唇に手をあてると、赤い血がにじんでいた。


「何のつもりだ?」

眉をひそめて、向かいに立つ男を睨みつける。


白いスーツ姿の男は、鋭い視線で宮崎明を見つめ返した。


「彼女に何をした?」


「別に、ちょっと催眠をかけただけさ。……でも」


「君たちは離婚したんじゃなかったのか?それなのにそんなに気にかけるのか?」

宮崎明は拓海をまっすぐ見た。


入ってきたのは拓海だった。


さっきまで宮崎明の部屋の前で待っていたのだが、なかなか出てこないので用事ついでに声をかけようと思っていた。


しばらくして部屋の中から女性の叫び声が聞こえてきた。

最初は宮崎明が女を困らせているのかと思ったが、次第にその声がどこかで聞いたことのあるものだと気づいた。

それが真希の声だと確信した瞬間、思わずドアを開けてしまった。


そこで見たのは、ベルトで真希を縛ろうとする宮崎明と、泣き叫ぶ真希の姿だった。


考える間もなく、拓海は本能的に拳を振り上げ、宮崎明を殴った。


「離婚したとはいえ、彼女はかつて君のいとこだったんだぞ!」


拓海と宮崎明は従兄弟同士だ。


宮崎明の父親は拓海の父親の弟。しかし宮崎明は早くに生まれ、海外で暮らし、母親の姓を名乗っている。そのため真希は、拓海にこんな従兄がいるとは知らなかった。


「彼女に近づくな。」

拓海の声は氷のように冷たい。


そう言って真希の方へ歩み寄る。


彼が近づくと、真希は警戒したように拓海を見上げ、誰なのかを確かめようとした。

しかし次の瞬間、顔が真っ青になった。


そのまま床に尻もちをつき、怯えて後ずさる。


「やめて、来ないで、お願い、殴らないで!」


宮崎明は目を細め、硬直した拓海に視線を向けた。


「彼女は君を怖がっている。」


宮崎明は淡々と言った。


この従弟の評判は海外まで届いていた。

仏道に帰依し、高貴で優雅だと聞いていたが、どうやら真希に対しては多くの酷いことをしたらしい。

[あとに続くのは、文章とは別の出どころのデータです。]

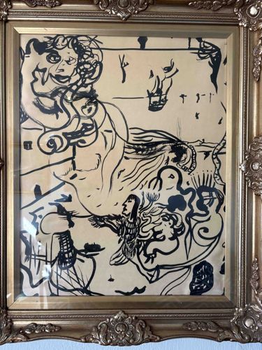 This item is a framed ink drawing executed in a bold, black line against a tan or light brown paper substrate. The artwork displays a complex Surrealist composition featuring distorted human figures, swirling curvilinear forms, and abstract motifs consistent with mid-20th-century experimentation in automatic drawing. The central figure on the left appears large and monumental, with fluid lines suggesting movement and anatomical distortion. Smaller, more detailed figures and silhouettes populate the lower and right-hand quadrants of the image. The lines vary in thickness, indicating the use of a brush or broad-nibbed pen. The paper shows slight undulations, suggesting it is not perfectly flat within the frame. The artwork is housed in a highly ornate, Rococo-style gold-tone frame featuring elaborate shell and floral scrollwork (c-scrolls) and a beaded inner border. The gilding on the frame shows a soft luster, with some darkening in the recessed areas (patina) consistent with age. There are no visible signatures or dates in the provided view, though the style is reminiscent of works by artists such as Salvador Dalí or those within the CoBrA movement. The condition appears stable, though there is potential light foxing or subtle discoloration on the paper consistent with vintage materials. The contrast between the heavy, traditional frame and the modern, fluid ink work creates a striking juxtaposition.
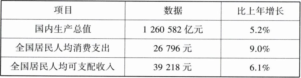 | 国内生产总值 | 1260582亿元 | 5.2% |

今の真希は催眠状態にあり、全ての反応は身体と無意識からくる、本当のものだ。


拓海はその場で立ち尽くし、優美な顔立ちが冷たい仮面のように固まっていた。宮崎明に鋭い視線を投げる。


「彼女に何をした?」


宮崎明は肩をすくめ、指を鳴らす。すると、真希の意識は一気にクリアになった。


自分が床に座り、涙で顔が濡れていることに気がつき、戸惑いが広がる。


「真希。」


頭上から聞き慣れた声がした。


顔を上げると、そこには見覚えのある顔があった。思わず後ずさる。


本能がまだ消えず、身体が勝手に反応してしまう。


その警戒と恐怖の色が、拓海の心を刺す。


自分が彼女に何をしたのか思い出せない。ただ、好きにはなれなかったし、冷たくしていた。それだけのはずなのに、なぜこれほどまで拒否されるのか。